Абдулла сочувственно наблюдал за манипуляциями минфа.

Бек Кормибарсов, вместе со всеми спустившись от дороги по следам повозки, скрестил руки под буркой на груди и застыл в величественной позе – подобный горному орлу, величаво озирающему свои владения. Лишь голова его неспешно поворачивалась – Ширмамед, глубоко вдыхая свежий горный воздух, внимательно осматривал живописные окрестности, и ни одна подозрительная песчинка не ускользала от пронзительного взгляда его живых глаз, прячущихся под косматыми бровями.

Баг тоже не развивал пока бурной даосской деятельности: просто немного походил по лужайке юевым шагом [22] и определил расположение сторон света. Он, честно сказать, все еще переживал, что совсем недавно совершил существенную ошибку. Тот, кто из-за кадки с пальмой показался Багу Мутанаилом ибн Зозулей, в действительности оказался Абдуллой Нечипоруком, Черным Абдуллой, по выражению Олеженя Фочикяна. А Зозулей оказался как раз тот, кто говорил голосом беспомощным и робким.

«Значит, вот как все обстоит на самом деле, – все еще несколько ошарашенно размышлял Баг, старательно кривя ноги, будто паралитик, усилием воли поднявшийся по страшной нужде из инвалидного кресла. – Получается, это Абдулла распекал Зозулю, а Зозуля униженно шмыгал носом, а потом вовсе рыдать ударился… И Абдулла уж определенно в курсе смертоубийства Хикмета. Амитофо! Спросите меня прямо, и я отвечу: да, это Абдулла приказал Хикмета убить и на того, кто случайно подвернулся рядом, смертоубийство повесить! Абдулла Ничипорук – вот кто главный местный скорпион!»

– Наставник! – рядом с Багом оказался бледный Богдан. Абдулла тоже приблизился. На заднем плане маячил, комкая надушенный носовой платок, Зозуля, а еще дальше скалой возвышался недвижный бек. – Уважаемый наставник… – повторил Богдан со значением. – Вот тут и произошло несчастье. Пропали люди, двое. Французский профессор и его помощница. Женщина… потом нашлась, она сейчас в больнице, а мужчина пока не обнаружен. Не могли бы вы как-то помочь в поисках?

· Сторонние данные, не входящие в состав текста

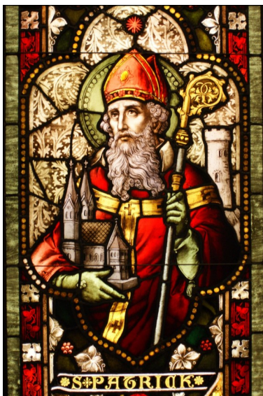
Vitrail représentant Saint Patrick

Cette fête célèbre Saint Patrick (né vers 385 et mort en 461), qui est considéré comme l' évangéliste ★ de l'Irlande. La légende raconte qu'il aurait été capturé par des pirates irlandais, vendu comme esclave et aurait passé six ans dans une cage (ce qui l'aurait amené à se convertir au christianisme ★). Après avoir réussi à s'échapper, il aurait effectué des études religieuses, serait devenu prêtre, puis évêque, et aurait commencé à répandre la religion chrétienne en Irlande. Dans ses prêches (ses discours religieux) il aurait souvent utilisé l'image du trèfle à trois feuilles pour symboliser la Sainte Trinité (un élément important de la doctrine chrétienne). On raconte également qu'il aurait chassé tous les serpents du pays.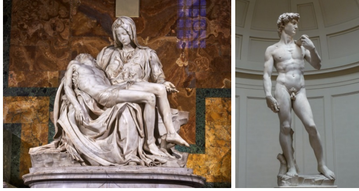
Fotoğraf 10-11. Michelangelo Buonarroti, 1498-99, Pietà, Michelangelo Buonarroti, 1501-04, David

Elbette burada bahsi geçen örnek, Michelangelo Buonarroti, bugün bakıldığında son beş yüz yıllık heykel tarihindeki öncü bir deha olarak belirmektedir. Bizler bugün 21. yüzyılda sanatla uğraşırken ve envaiçeşit konuya değinirken kendi perspektifimizi ortaya koyuyor, kendi bakış açımızdan ödün vermiyor ve eserle birlikte kendi benliğimizden dem vurabiliyorsak, işte bu tip bir sanat ediminin hayati önem taşıyan bir öncüsü Michelangelo'dur denilebilir ( Fotoğraf 10-11 ).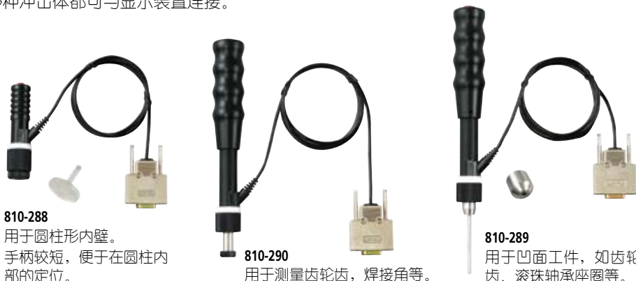
810-288 用于圆柱形内壁。 手柄较短, 便于在圆柱内部的定位。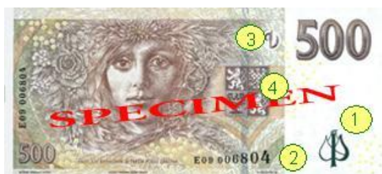
Obr. 12: Ochranné prvky na nominálu 500 Kč – rub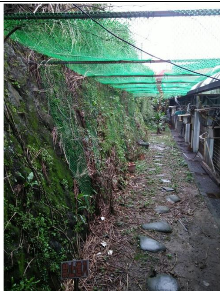
種植攀爬可食植物(校園內)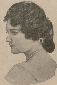
Núm. 11. — Las ondulaciones poco marcadas dan al rostro mucha dulzura. El moño, sumamente caído sobre el cuello, sujetándolo unas lindas horquillas novedad.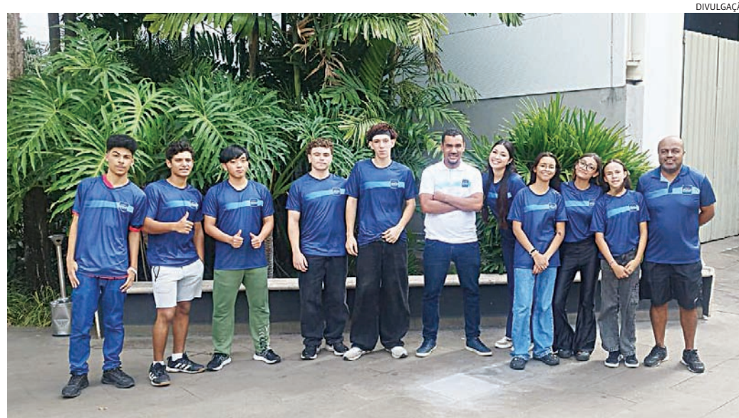
Equipe masculina vence todos os confrontos em Mogi Guaçu

Os resultados reforçam o desempenho do xadrez jundiaense nas categorias de base e mantêm a cidade entre os destaques da modalidade nas competições regionais do Estado de São Paulo.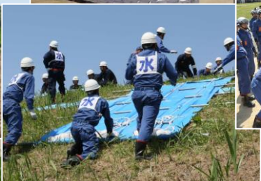
玉川村消防団：シート張工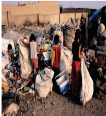
La República . Febrero 16, 2010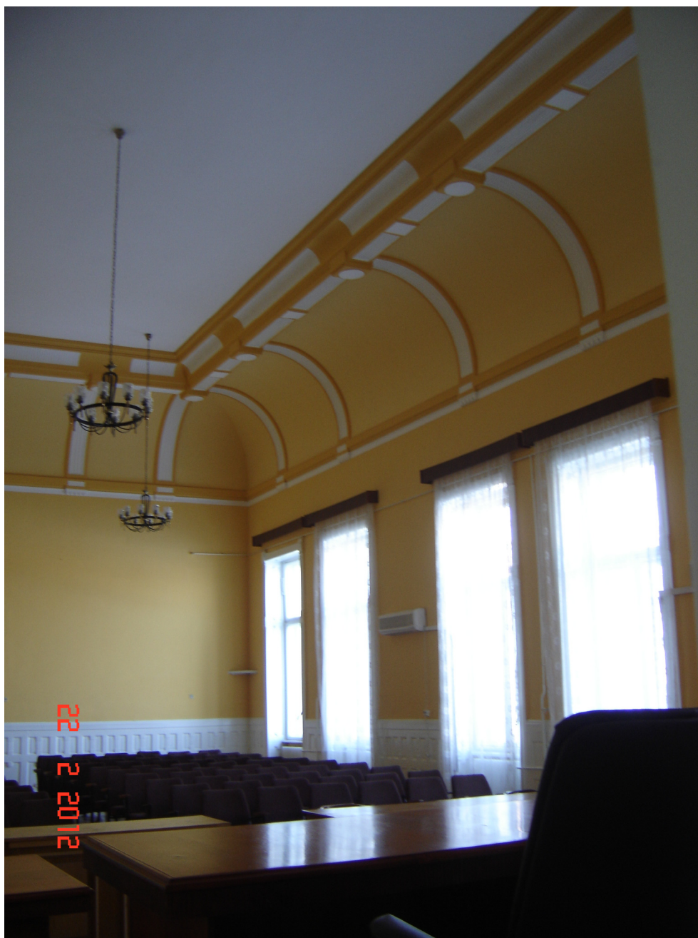
Fig. 28 – Idem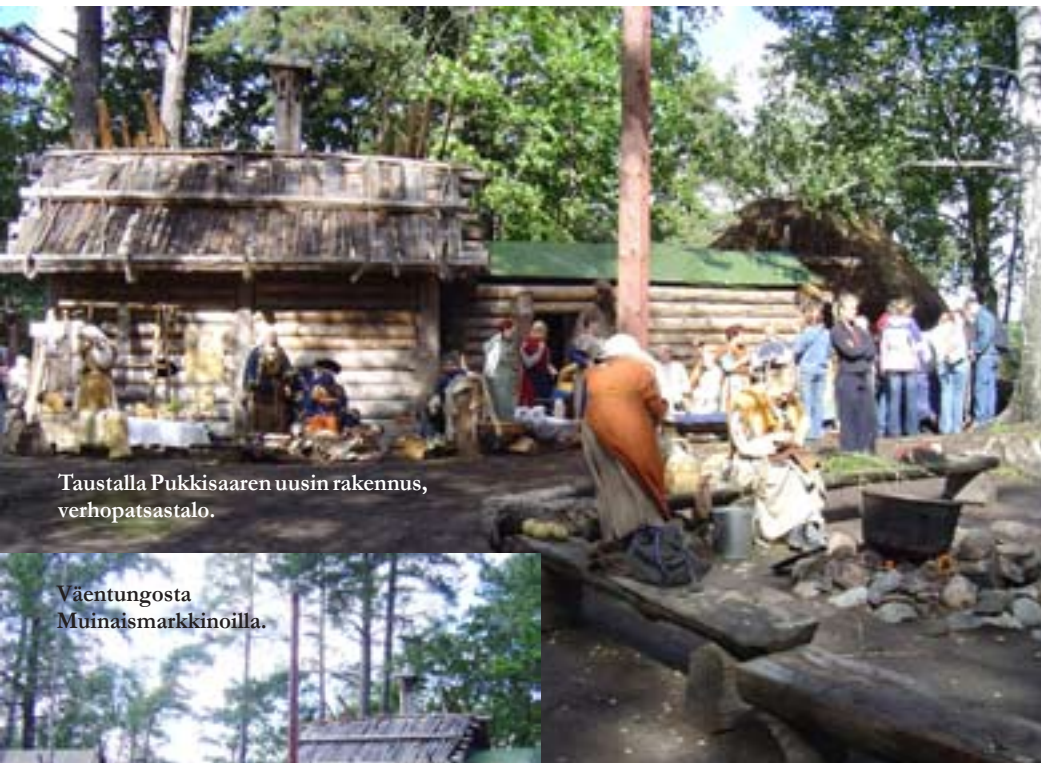
Taustalla Pukkisaaren uusin rakennus, verhopatsastalo.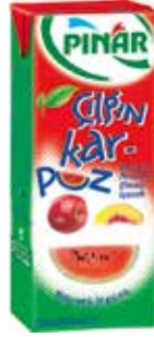
Çılgın Karpuz 1/5 lt.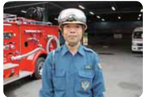
▲扇島防災センター前で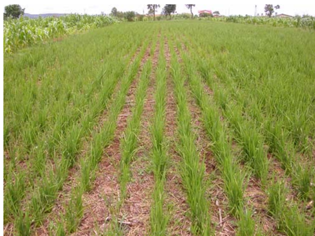
Figure 9. Riz pluvial en SCV sur couverture morte (Madagascar, Hautes Terres, site de référence TAFE)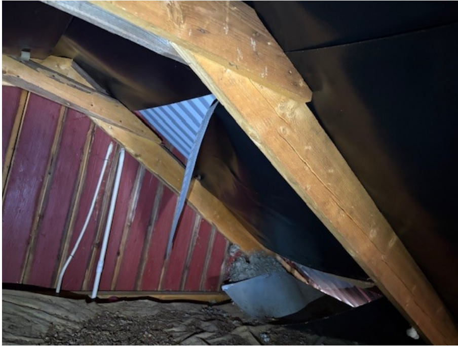
Underlagstak/Tenonoduk på garagedelen som släppt i från sin infästning.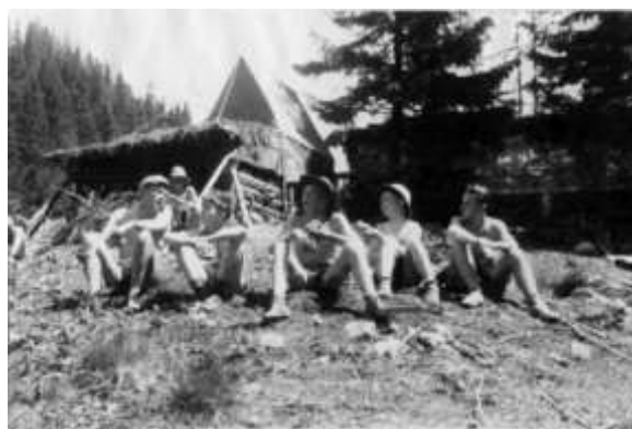
Siesta za kuchyní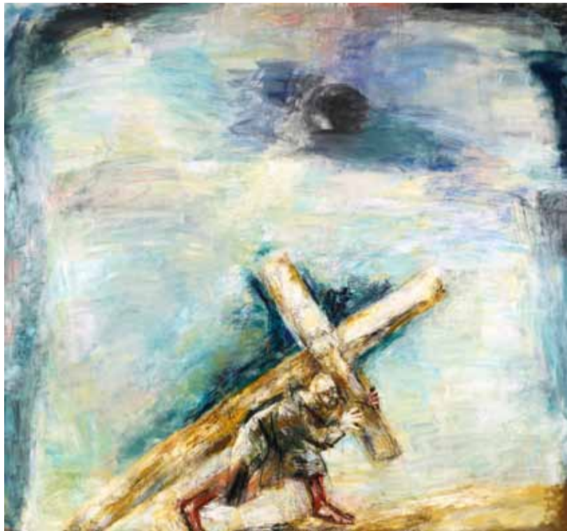
П. Никонов. "Несущий крест". 2012

ства во всей ее полноте. Не трудно было сказать – и, разумеется, говорилось, – что эта, в общем-то проходная, выставка не показала ничего сверхнового, что многих талантливых художников на ней не оказалось; что подавляющее число работ напоминали что-то давно известное и т.п. И все же Салон 2012 явился столь многообразным, что по нему, безусловно, можно судить о некоторых общих тенденциях в нашем изобразительном искусстве.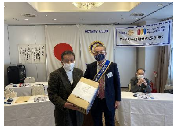
左から、井坂会員、阿部会長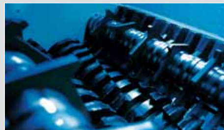
Etage 1 : Prébroyeur HSM V 570 Taille des particules : 20 x 155 mm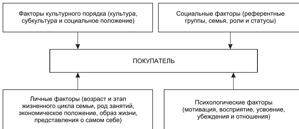
Рис. 2. Группы факторов, оказывающие влияние на поведение покупателей

Современные концепции [7, 8, 9] свидетельствуют о том, что произошло смещение акцентов: если раньше клиент получал представление о компании на основании ее продукта, то теперь он строит свое отношение к компании в целом — как партнеру, с которым он взаимодействует по разным каналам — от телефонного звонка, до Интернета и личного визита. При этом запросы потребителей стали значительно более дифференцированными, а формы взаимодействия персонализированными (рис. 3).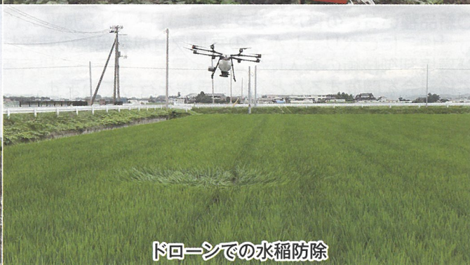
ドローンでの水稲防除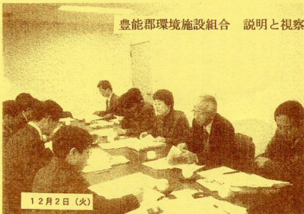
岩佐恵美参議院議員と1市3町の議員団と現地調査

説明会は、12月16日川西市文化会館 17日能勢町ふるさと会館（予定） 18日豊能町西公民館 19日猪名川町中央公民館 （いずれも午後7時から9時まで）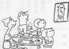
ガンマ線もあつちいりやんを健康がなすきたた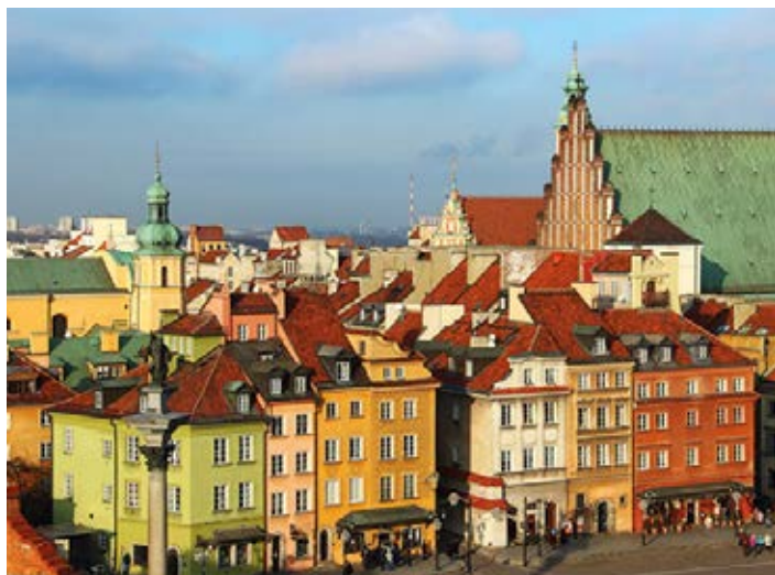
▲ Kamienice przy placu Zamkowym

rezydencji, lecz także nowoczesnymi rozwiązaniami, jak np. ogród na dachu Biblioteki Uniwersyteckiej. Śródmieście jest obrazem przeszłości stolicy – Stare i Nowe Miasto, doszczętnie zrujnowane i potem odbudowane, wpisane jest na Listę światowego dziedzictwa kulturowego i przyrodniczego UNESCO jako przykład wiernej rekonstrukcji; pagórkowaty Muranów, zawdzięczający nazwę Bellottiemu (nadwornemu architektowi królów Michała Korybuta Wiśniowieckiego i Jana III Sobieskiego) pochodzącemu z wyspy Murano, posadowiony jest bezpośrednio na gruzach getta; Mariensztat, zamysłem odnoszący się do małych polskich XVIII-wiecznych miasteczek, powstał w rekordowym czasie jako pierwsze osiedle mieszkaniowe po wojnie; Marszałkowska Dzielnica Mieszkaniowa jest

– Сделаю все, что в моих силах, уважаемый, – улыбнулся даос-Баг Богдану и еле заметно подмигнул левым глазом. – Фэншуй тут скверный. Просто-таки поганый фэншуй… Сейчас осмотрю повозку, может, она мне что-то скажет… – Баг двинулся к самому месту аварии. Богдан, Абдулла и Зозуля последовали за ним.

«Теперь многое становится понятным, – напряженно размышлял Баг, медленно ковыляя к останкам „рено“. – Целая банда: Абдулла за главного, повязал Зозулю сначала научными перспективами, а потом и деньгами. Пользуясь служебным положением, казнокрадствует и контролирует незалежных дервишей, вдохновляя их каким-то Горним Старцем, делает из молодежи нукеров непонятно для чего, хотя – что ж непонятного? На случай стычки, когда клад найдут… Видно, много охотников. Или…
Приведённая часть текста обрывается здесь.